Starting at the first line of the listing below, repeat each line exactly until the line containing "1pc Rose Stem", which you include. Leave out pictures.
Top of Data shown
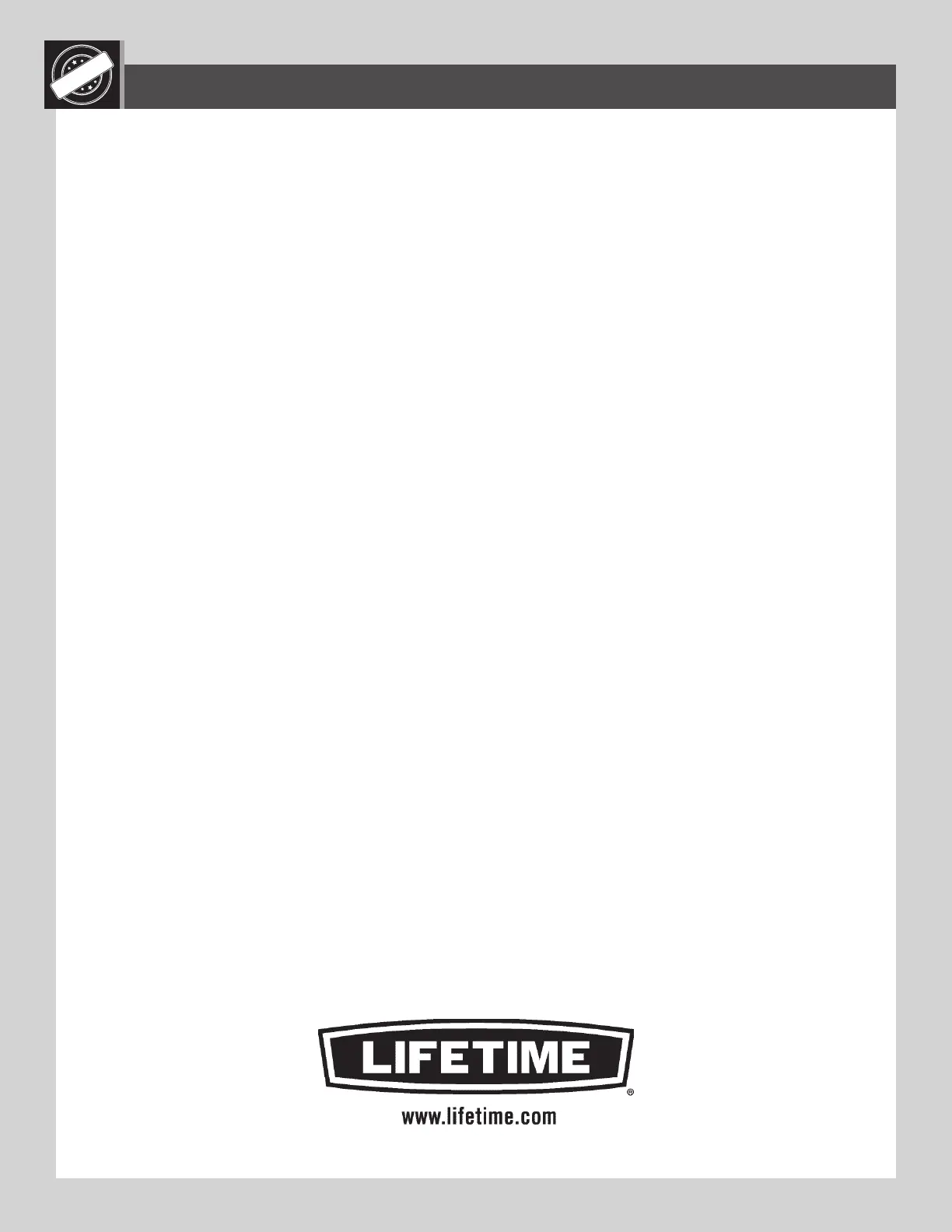 Lifetime Products, Inc., PO Box 160010 Clearfi eld, UT 84016-0010 or call (800) 225-3865 M–F 7 a.m. to 5 p.m. MST.
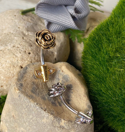 1pc Rose Stem 316L Surgical Steel Belly Pierced Navel Naval Ring
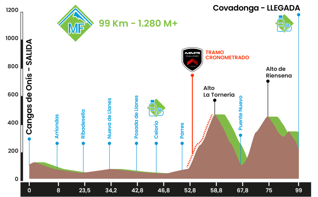La recogida de dorsales se realizará en el aparcamiento explanada frente a la Estación de Autobuses – C/ Picos de Europa en Cangas de Onís los días 31 de mayo y 1 de junio desde las 16:30 horas hasta las 21:30 horas y el mismo día de la prueba desde las 6:00 horas hasta las 7:30 horas. Todo participante deberá llevar, de forma obligatoria y visible: el dorsal, el chip y la placa de la bicicleta.
Bottom of Data shown
■ Answer area ■
 Lifetime Products, Inc., PO Box 160010 Clearfi eld, UT 84016-0010 or call (800) 225-3865 M–F 7 a.m. to 5 p.m. MST.
 1pc Rose Stem 316L Surgical Steel Belly Pierced Navel Naval Ring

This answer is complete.